In ancient times, before discovering the fermentation process that produces leavened bread as we know it today, prehistoric people consumed cereal grains mostly either boiled (as hot porridge), or coarsely ground and mixed with liquid (most often water) to make an unleavened cake or "bread". This bread somewhat resembled the flatbreads we know today, but it was definitely not so thin, soft, and white (think pita, but wholemeal and with coarsely ground grains in it). In other words, this was bread in its original, ancient form.
Eden's Original Organic Spelt Crispbread inherits this original, ancient form, but it has a crackerlike consistency which gives it a longer shelf life than leavened (sourdough, yeast or soda) breads or even home-made savoury crackers - without any preservatives whatsoever. Our spelt crispbread is perfect as a pocket-sized snack, giving you all the nutrients without the surplus calories of other snacks.
Our recipe for this lovely crispbread is very simple, we use the following ingredients only:
Depending on the flavour: Whole-spelt flour (70-82%), Seeds (12%-25%), water, palm oil, wheat flakes, sea salt.
It is 100% organic, so all ingredients are organic certified. The palm oil we use is originated from a sustainable plantation in Columbia. The water we use is filtered water.

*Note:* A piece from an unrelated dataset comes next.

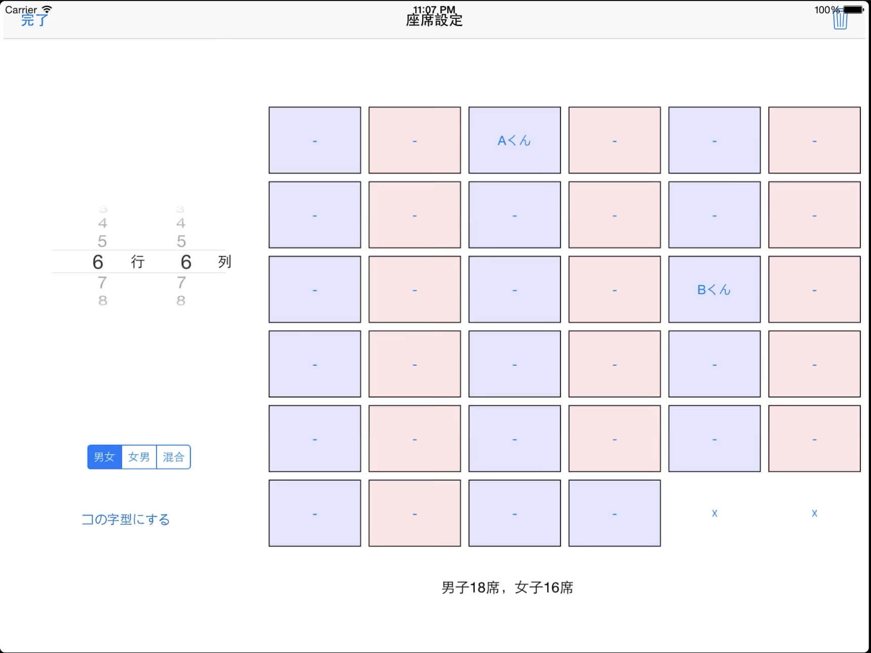 このアプリでは、生徒を登録しておくことで簡単に席替えを行うことができます。

We use a low temperature baking process, thus preserving most of the micronutrients and vitamins, too during the baking.
Our daily bread
Bread is life, as the old folks used to say, but the bread we know today has a long history. Our daily bread has not always been made of common wheat; in ancient times, several other crop cereals like rye, oat, barley and some others were also used to make bread. One of these cereal crops, abandoned by the beginning of the 20th century, is spelt. Abandoned, but not forgotten.